The Damned are fucking amazing! With seemingly unlimited energy, they have copped Iggy's old stance. Search and Destroy? More like Gimme Danger. What are these bad boys like, I asked myself. Being the curious type, I strolled back-stage (at the Starwood, April '77) and set up observation. I am happy to report that the Damned live up to their "I don't give a fuck" image. First, Rat Scabies threw a drink in Runaway Joan Jett's face, then Guitarist Brian James kicked a well known groupie in the ass (this could have been Sable Starr) Finally, they threw everyone out of the dressing room. The Damned ended their engagement in LA by staging a food fight in the ledgendary deli, Cantor's, on Fairfax--Don't you just love it?

The following interview took place between Capt Sensible (CS), and some dumb, blonde groupie (DBG):


DBG: That was fantastic! Your set was really fun.

CS: The whole thing about our group is...I don't know what I mean...maybe the audience misses the point, we are not stars, we are anti-stars. We're just proving that ordinary kids can get out on the stage and do it. We're really not the greatest musicians in the world.


DBG: But you're also real fun.


CS: We play, react differently, to each audience. Like in New York, the audience wasn't that good...well...they were great right, but not as good as here. This is the best audience that we've had in America.


DBG: Is that right?


CS: Oh yeah, they are fantastic. They are standing up. They make noise whether they like you or not. Some cheer, and some boo. In New York, it is polite applause. I hate to be rotten about American people, but they miss the point with us, they don't understand.


DBG: You don't think that I understand?

CS: Probably not.

5 comments:

  1. The "DBG" LOL!! Wasn't 'that' a snaggle toothed piece of work?!?! Do you reckon 'it' recoiled to some Trailer Park in some Floridian Swamp; the beknighted social stratum from which 'it' apparently sprang from....after "She Had To Leave"----Los Angeles....?? I can just picture it. The gaggle of brats, all with "Mountain Dew Mouth" that in all liklihood were placed in Foster Care?? I wish I had clearer memories of the altercation....but in those days I usually woke up blowing an 7.0!!

    ReplyDelete
  2. I don't know where she went James, but her leaving was the happiest day of my life, LOL.

    ReplyDelete
  3. Gee.

    After she'd bagged both John Doe and Viggo Mortenson, us non-beauties had just thought "you go, girl!"

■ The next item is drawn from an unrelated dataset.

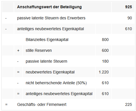 Wird ein Tochterunternehmen in der Rechtsform einer Kapitalgesellschaft erworben, so sind aufgrund der Aufdeckung der stillen Reserven und Lasten auch die latenten Steuern anzupassen, da die Neubewertung nur in der Handelsbilanz III und damit in der Konzernbilanz erfolgt, nicht jedoch in der Steuerbilanz des erworbenen Tochterunternehmens, so dass sich die handelsbilanziellen Buchwerte insoweit von den Steuerwerten unterscheiden. Während die Aufdeckung stiller Reserven zu passiven latenten Steuern bzw. latenten Steuerschulden führt, entstehen durch die Aufdeckung stiller Lasten aktive latente Steuern bzw. latente Steueransprüche.

    I've had stupid young girls try to trip me while I take photos near the stage (where I have to be since I'm short.) I have no idea why. Perhaps they're appalled at my geezerdom.

    ReplyDelete
  4. Viggo? Oh my goodness. Heaven on earth.

    ReplyDelete
  5. Actually, DBG married a well known rock star, moved to England, and had one child.....no foster care...I don't know what a Mountain Dew Mouth is, but I dont think so.